Instructions for the task → Transcribe the data exactly, omitting whatever pictures it holds.

### Information shown ###

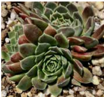
Sempervivum heuffellii 'Beacon Hill' by Sonita Bantad
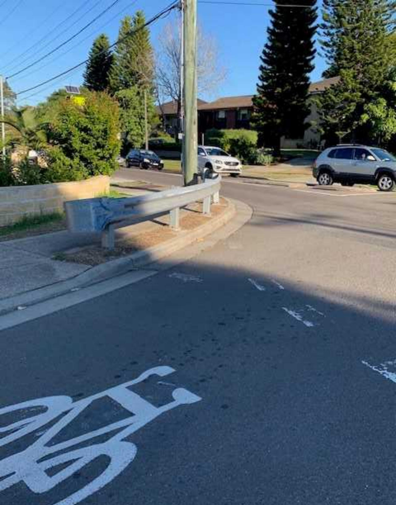
30. General Conditions of barrier Scratches and dents evident
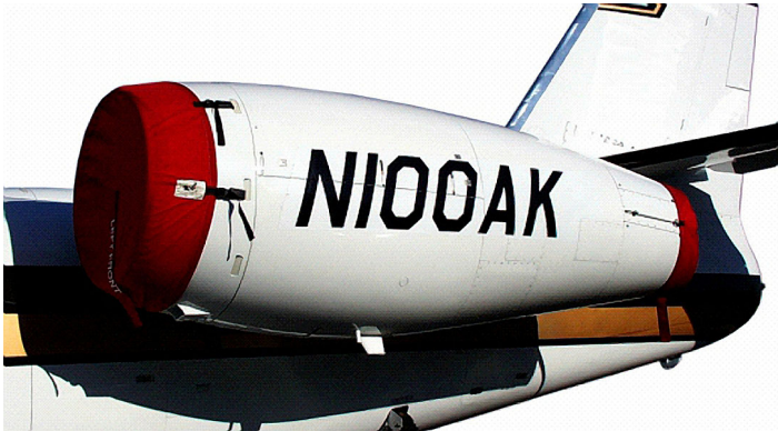
IAI Astra Engine Cover Set

instructions. The aircraft's registration number can be silkscreened onto the cover for an extra charge.

###

Your response →
Sempervivum heuffellii 'Beacon Hill' by Sonita Bantad
30. General Conditions of barrier Scratches and dents evident
IAI Astra Engine Cover Set

instructions. The aircraft's registration number can be silkscreened onto the cover for an extra charge.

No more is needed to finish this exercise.